Aug. 4 (Bloomberg) -- Crude oil wiped out all of its gains for 2011 and natural gas closed below $4 for the first time since March in New York as concern the global economy is weakening sent raw materials prices tumbling around the world.
Twenty-one of the 24 commodities on the Standard & Poor’s GSCI Index declined slipped as a rout in equities drove the Standard & Poor’s 500 Index to its worst nine-day slump since March 2009. Silver dropped 5.6 percent, gold retreated from a record and wheat slumped the most since June.
“There’s a lot of pessimistic news on the macro-economic front and that’s hitting commodities,” said Michael Wittner, the head of oil-market research at Societe Generale SA in New York and the fourth-most-accurate forecaster for West Texas Intermediate oil among 26 analysts ranked by Bloomberg in the past eight quarters. “If the economy continues to slow, demand for oil will take a hit.”
U.S. consumer confidence dropped last week to the lowest level in more than two months, paced by growing dissatisfaction among women and high earners, a report today showed. The Bloomberg Consumer Comfort Index was minus 47.6 in the period to July 31, the lowest level since May, compared with minus 46.8 the prior week.
Consumer spending dropped in June for the first time in almost two years as savings climbed, Commerce Department figures showed earlier this week. The U.S. economy grew less than forecast in the second quarter after almost stalling at the start of the year, another report from the agency showed.
The S&P’s GSCI Index of 24 raw materials fell 4 percent to 644.95, the lowest level since June 27. The index is up 2.1 percent this year after being as much as 20 percent higher on April 11.
Crude oil for September delivery declined $5.30, or 5.8 percent, to $86.63 a barrel on the New York Mercantile Exchange, the lowest settlement since Feb. 18. Brent for September settlement fell $6.25, or 5.5 percent, to end the session $107.25 a barrel on London’s ICE Futures Europe exchange.
“There’s a growing realization that we may be facing a double dip or at least very anemic growth,” said Chip Hodge, who oversees a $9 billion natural-resource bond portfolio as senior managing director at Manulife Asset Management in Boston. “Until the economy shows signs of life, there’s nothing to turn this around.”
The Standard & Poor’s 500 Index fell 4.8 percent to 1,200.07 and the Dow Jones Industrial Average declined 4.3 percent to 11,383.68.
The euro weakened 1.6 percent to $1.4092 from $1.4323 yesterday. A stronger U.S. currency reduces the appeal of dollar-denominated raw materials as an investment.
“Fear and panic are good words to describe what we’re seeing today,” said Chris Barber, a senior analyst at Energy Security Analysis Inc. in Wakefield, Massachusetts. “Anytime markets move this hard there’s been a change in sentiment.”
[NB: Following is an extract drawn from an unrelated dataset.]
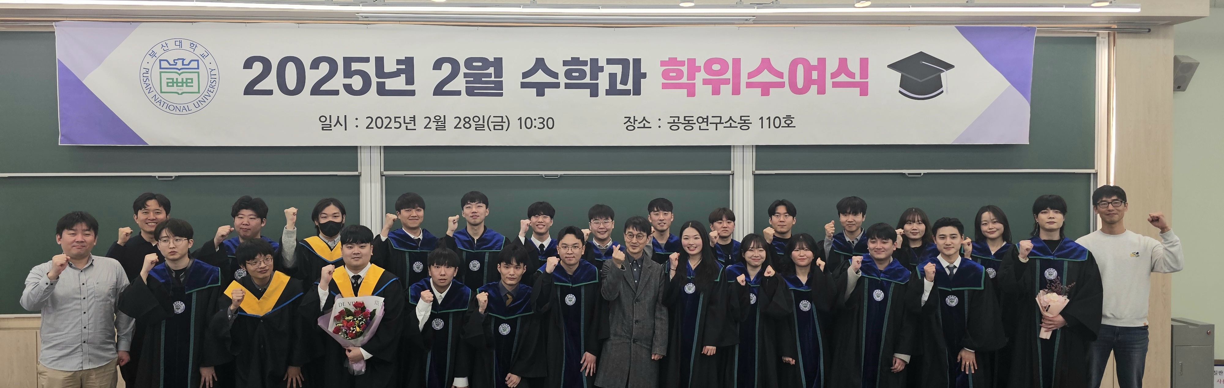 fnctId=bbs,fnctNo=2817 작성일 2025.02.28 수정일 2025.02.28 작성자 수학과 조회수 0 2025년 2월 수학과 학위수여식 수학과 졸업을 진심으로 축하합니다. 첨부파일 첨부파일이(가) 없습니다.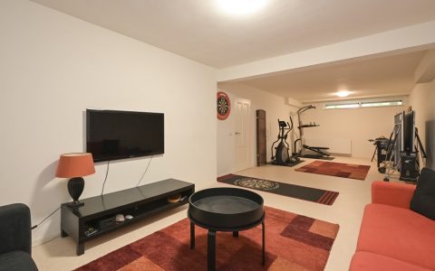 De ruime centrale hal geeft toegang tot de grote kamer. Deze is uitstekend geschikt als familiekamer, werkkamer of hobbykamer. Aan de voorzijde in het souterrain is er een grote berging en aan de achterzijde is de ruimte voor de wasmachine en CV opstelling.

Copper fell $182, or 1.9 percent, to $9,353 a metric ton on the London Metal Exchange, bringing the drop this year to 2.6 percent. Aluminum fell 1.7 percent to $2,482 a ton, the seventh consecutive decline and the longest losing streak since January 2009.
“Sentiment has taken its turn for the worse at the moment,” said Gayle Berry, an analyst at Barclays Capital in London. “The markets are very worried about what the implications of fiscal austerity mean for the trajectory of economic growth, and therefore for metals demand.”
Silver futures for September delivery fell $2.327, or 5.6 percent, to $39.431 an ounce on the Comex in New York, the biggest drop since May 11.
Gold futures for December delivery fell $7.30, or 0.4 percent, to settle at $1,659 on the Comex. Earlier, the price climbed as much as 1.1 percent and slid 1.4 percent. The metal reached an all-time high for the third straight day.
Palladium futures for September delivery tumbled $42.15, or 5.3 percent, to $752.95 an ounce on the New York Mercantile Exchange and platinum futures for October delivery fell $55.60, or 3.1 percent, to $1,729.40 an ounce. Both metals are used in catalysts to remove exhausts in automobiles, and are more dependent on economic growth than gold.
Agriculture was the second-worst sector today after energy. Wheat fell 3.3 percent to $7.255 a bushel on the Chicago Board of Trade. Soybeans declined 2 percent to $13.4525 a bushel and corn dropped 1.6 percent to $7.015 a bushel.
“The world economy is struggling, and that is slowing demand,” said Don Roose, the president of U.S. Commodities Inc. in West Des Moines, Iowa.